Localizing the predicted Event

Therefore, fault detection and localization was now done by performing an advanced data-mining methodology (singular spectrum analysis) that tracks frequency distributions of signals over the history and can deduce qualitative changes.

Considering the 80 measurement points, we were able to show that only four of these measurements contained an actual qualitative shift in their history (the others stayed qualitatively the same over the whole history) and that two of these four went through such a shift several days before the other two. Thus, we were able to determine which two out of 80 locations in the turbine were the root cause for the event that was to occur within two days. See figure 2 for an illustration.

In this figure, we graph the abnormality as measured by singular spectrum analysis over time for each measurement. If a system is in some condition for a long time, we may label this condition to be "normal." If this condition changes, we can call it "abnormal." When the abnormality persists, however, this new condition eventually becomes normal by virtue of the definition of normality as being that condition that has been current for a long time. When a system makes a qualitative transformation from one persistent state to another, we would therefore expect any reasonable abnormality measure to first increase (upon the change) and then decrease again (as the new state becomes increasingly normal).

What we observe from figure 2 is that two of the measurements become abnormal early in time and two others follow suit. When we asked which time-series these were, we found that the first two were the radial and axial vibrations of one bearing, and the second two were the same vibrations of the neighboring bearing.
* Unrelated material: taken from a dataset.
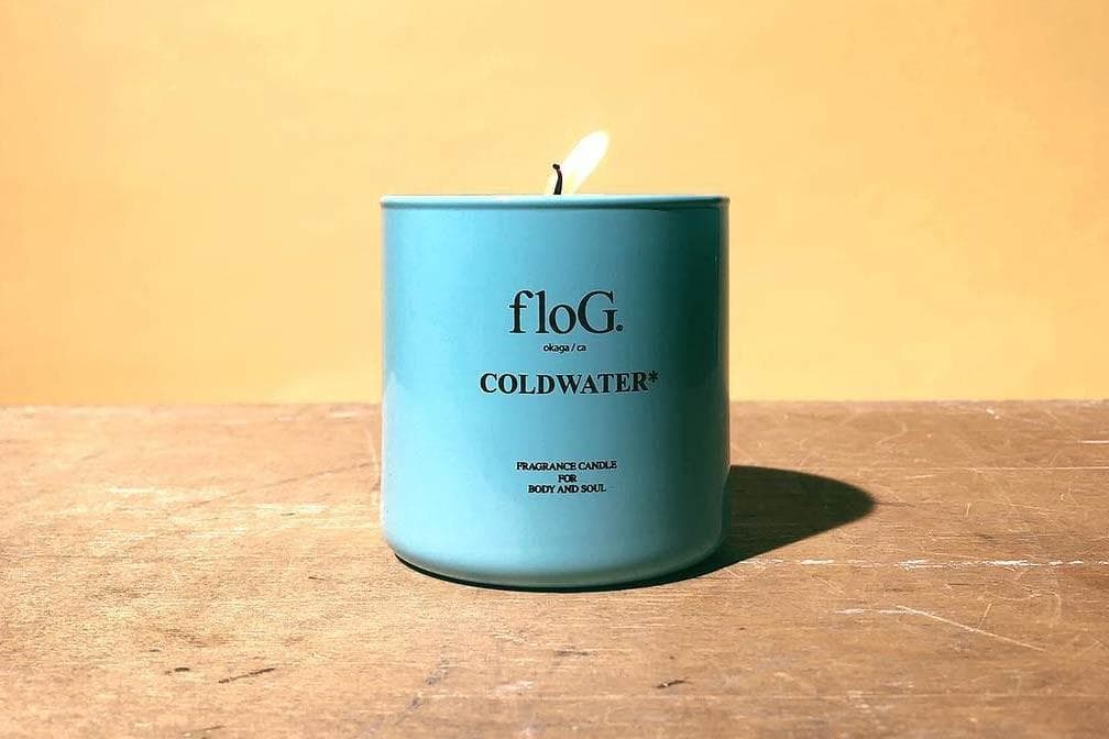 Doftljuset går vid namn ”COLDWATER” och är i en turkos nyans med svart typsnitt i texten “floG, fragrance candle for body and soul.”Se fler bilder här nedan.

Of course, we cannot be certain that there exists a physical cause-effect relationship between these three events: (1) first bearing changing its vibration behavior, (2) second bearing changing its vibration behavior, and (3) blade tear. The available data strongly suggests this link however. Indeed, the blade that tore off was very close to the first bearing that changed its vibration behavior. Thus we were successful in localizing the fault within the large turbine.


Figure 2: We compute a deviation from normal being tracked over a window of about four days in length. So we observe that two sensors start behaving abnormally and two days later, two other sensors behave abnormally. About 3.5 days after the start of the abnormal behavior, this new behavior has become normal and so the deviation from normal is seen to reduce again. Therefore, we observe a qualitative change in the performance of these four points.
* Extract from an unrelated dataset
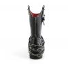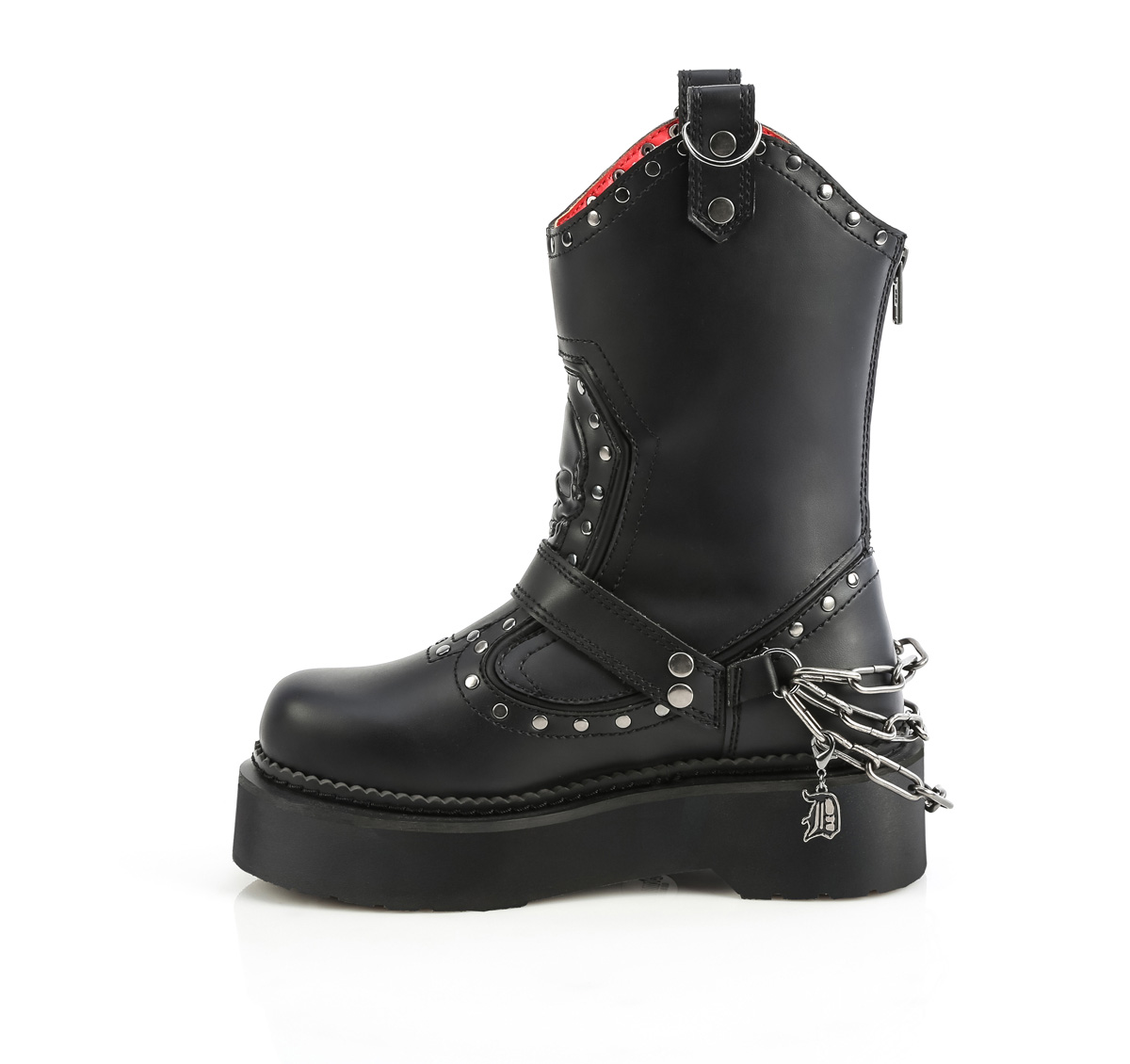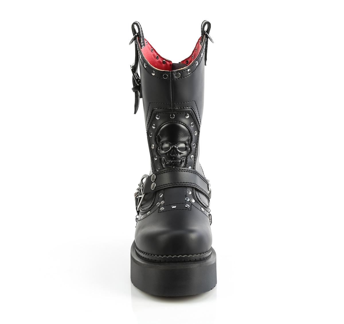 2インチ(51mm)積み重ねプラットフォームプルオンカウボーイスタイルのコンバットカーフブーツ、エンボス加工のドクロ、吊り下げチャイム付き五芒星ハーネス、金属製スタッズ装飾、背面メタルジップクローズ

It is possible to reliably and accurately predict a failure on a steam turbine two days in advance. Furthermore, it is possible to locate the cause of this event within the turbine so that the location covered by the sensor that measures the anomaly can be focused on by the maintenance personnel. The combination of these two results, allows preventative maintenance on a turbine to be performed in a real industrial setting saving the operator a great expense.